School of Computer Science and Technology, Harbin Institute of Technology, Harbin, China.
School of Computer Science and Technology, Harbin Institute of Technology, Harbin, China.
Med Image Anal. 2023 Oct;89:102911. doi: 10.1016/j.media.2023.102911. Epub 2023 Jul 29.

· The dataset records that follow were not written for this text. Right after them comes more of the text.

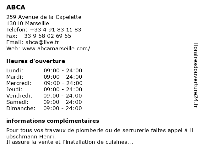 | Samedi | 09:00-24:00 |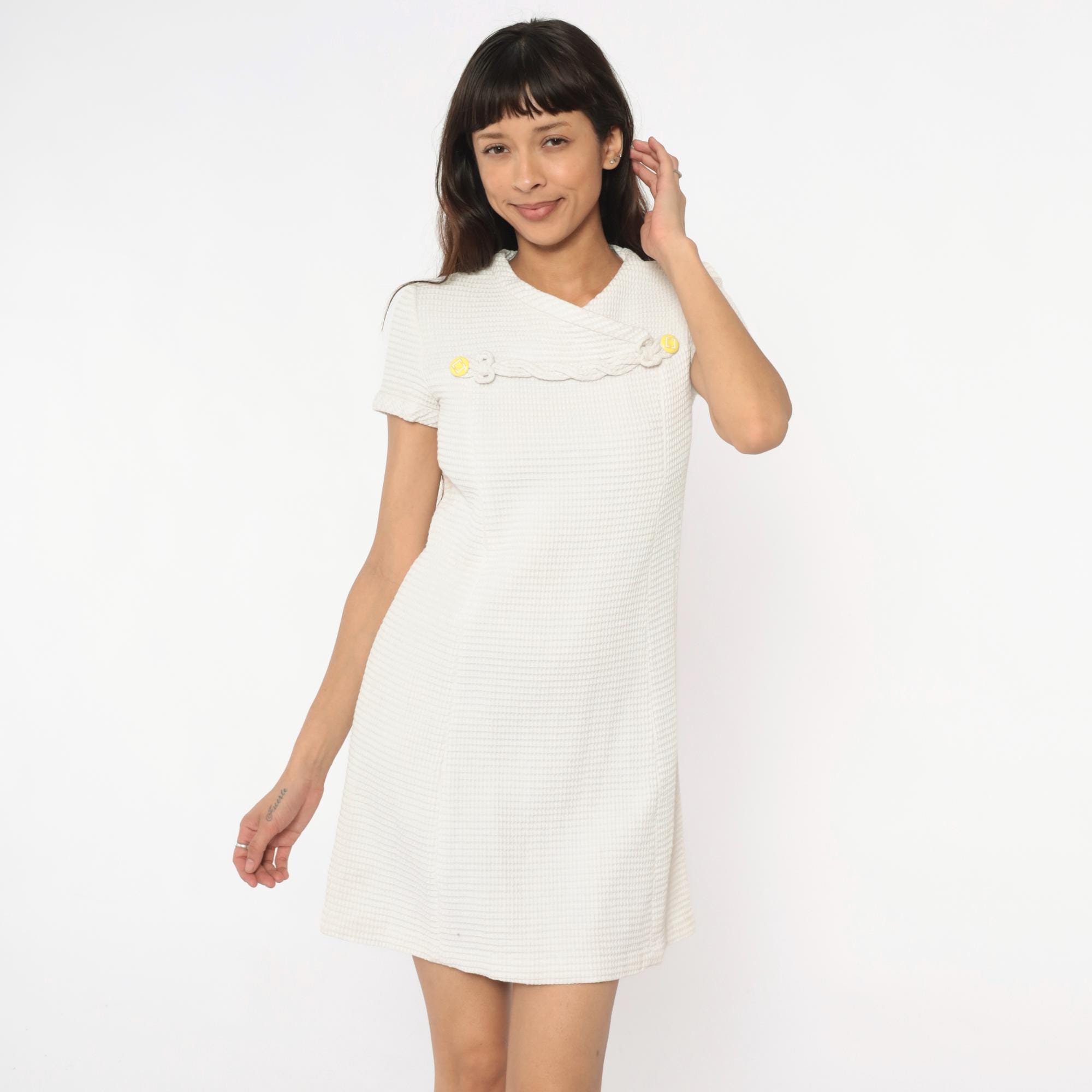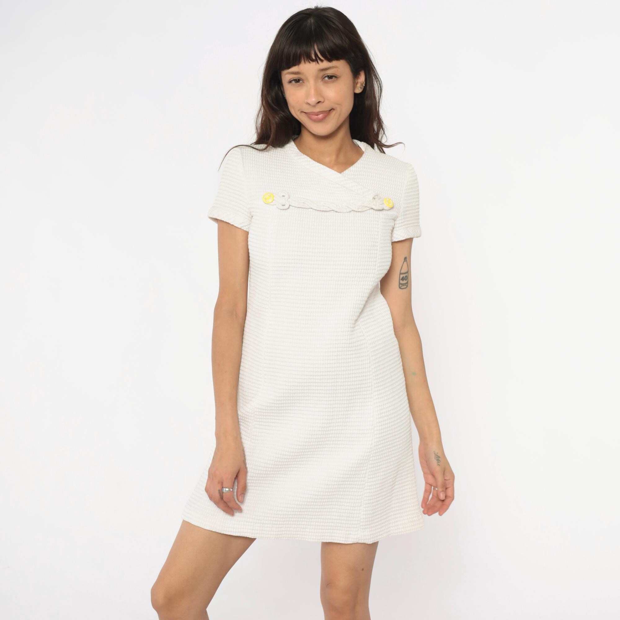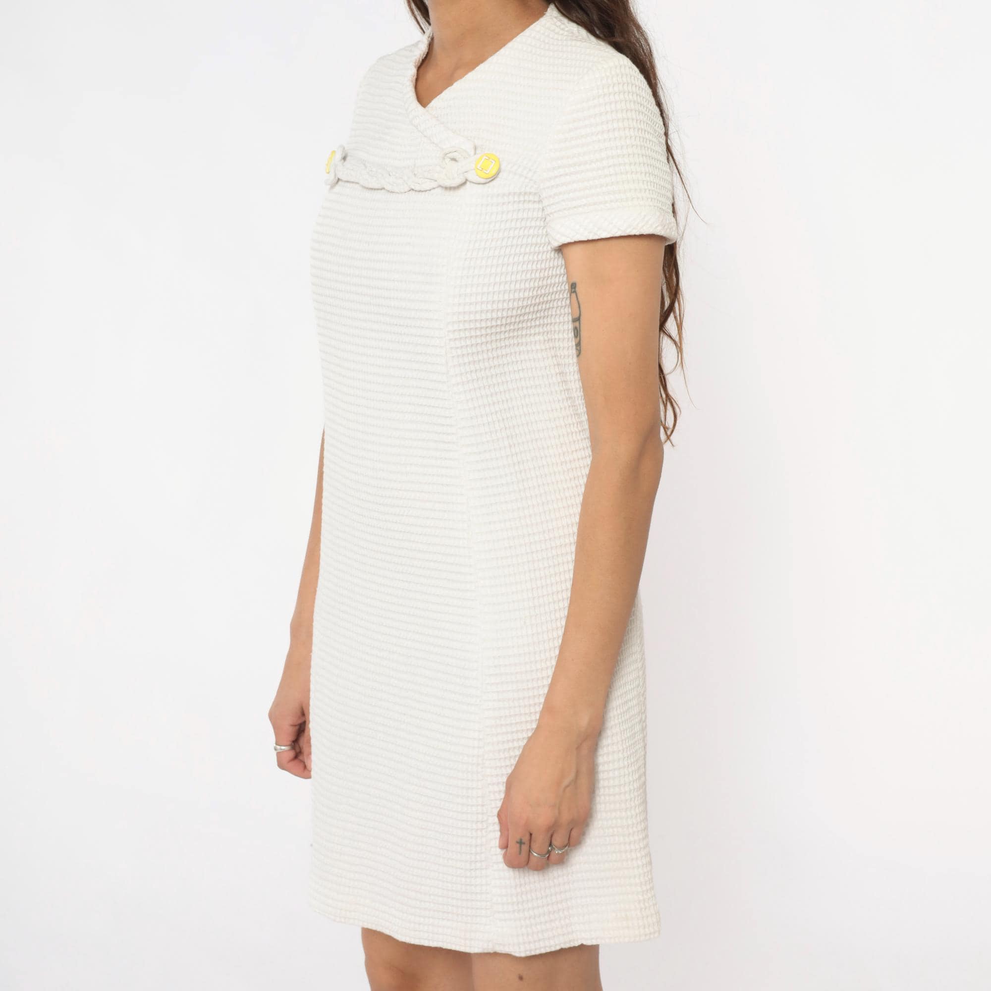 60s white shift dress with textured waffle-weave fabric and V-neckline. Decorative braided trim across the chest with circular disc embellishments, some with yellow centers. Short sleeves, back zipper closure.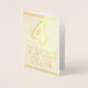 La façade de cette carte de voeux en or accrocheuse, énergique et audacieuse, sur le thème de l'anniversaire, comporte le message "4 ANS !". L'intérieur comporte un message de bienvenue d'anniversaire qui peut être modifié. Une carte de voeux comme celle-ci pourrait être donnée pour commémorer le 4e anniversaire de quelqu’un. [~Z0000360]

Label distribution learning (LDL) has the potential to resolve boundary ambiguity in semantic segmentation tasks. However, existing LDL-based segmentation methods suffer from severe label distribution imbalance: the ambiguous label distributions contain a small fraction of the data, while the unambiguous label distributions occupy the majority of the data. The imbalanced label distributions induce model-biased distribution learning and make it challenging to accurately predict ambiguous pixels. In this paper, we propose a curriculum label distribution learning (CLDL) framework to address the above data imbalance problem by performing a novel task-oriented curriculum learning strategy. Firstly, the region label distribution learning (R-LDL) is proposed to construct more balanced label distributions and improves the imbalanced model learning. Secondly, a novel learning curriculum (TCL) is proposed to enable easy-to-hard learning in LDL-based segmentation by decomposing the segmentation task into multiple label distribution estimation tasks. Thirdly, the prior perceiving module (PPM) is proposed to effectively connect easy and hard learning stages based on the priors generated from easier stages. Benefiting from the balanced label distribution construction and prior perception, the proposed CLDL effectively conducts a curriculum learning-based LDL and significantly improves the imbalanced learning. We evaluated the proposed CLDL using the publicly available BRATS2018 and MM-WHS2017 datasets. The experimental results demonstrate that our method significantly improves different segmentation metrics compared to many state-of-the-art methods. The code will be available..
标签分布学习(LDL)有潜力解决语义分割任务中的边界模糊问题。然而,现有的基于 LDL 的分割方法存在严重的标签分布不平衡问题:模糊标签分布只包含一小部分数据,而明确标签分布则占据了大部分数据。不平衡的标签分布导致模型偏向于分布学习,从而难以准确预测模糊像素。在本文中,我们提出了一种课程式标签分布学习(CLDL)框架,通过执行一种新颖的面向任务的课程学习策略来解决上述数据不平衡问题。首先,提出区域标签分布学习(R-LDL)来构建更平衡的标签分布,从而改善不平衡模型学习。其次,提出了一种新颖的学习课程(TCL),通过将分割任务分解为多个标签分布估计任务,在基于 LDL 的分割中实现从易到难的学习。最后,提出了先验感知模块(PPM),基于较容易阶段生成的先验,有效地连接了容易和困难的学习阶段。受益于平衡的标签分布构建和先验感知,所提出的 CLDL 有效地进行了基于课程的 LDL,并显著改善了不平衡学习。我们使用公开的 BRATS2018 和 MM-WHS2017 数据集评估了所提出的 CLDL。实验结果表明,与许多最先进的方法相比,我们的方法在不同的分割指标上都有显著的提高。代码将公开。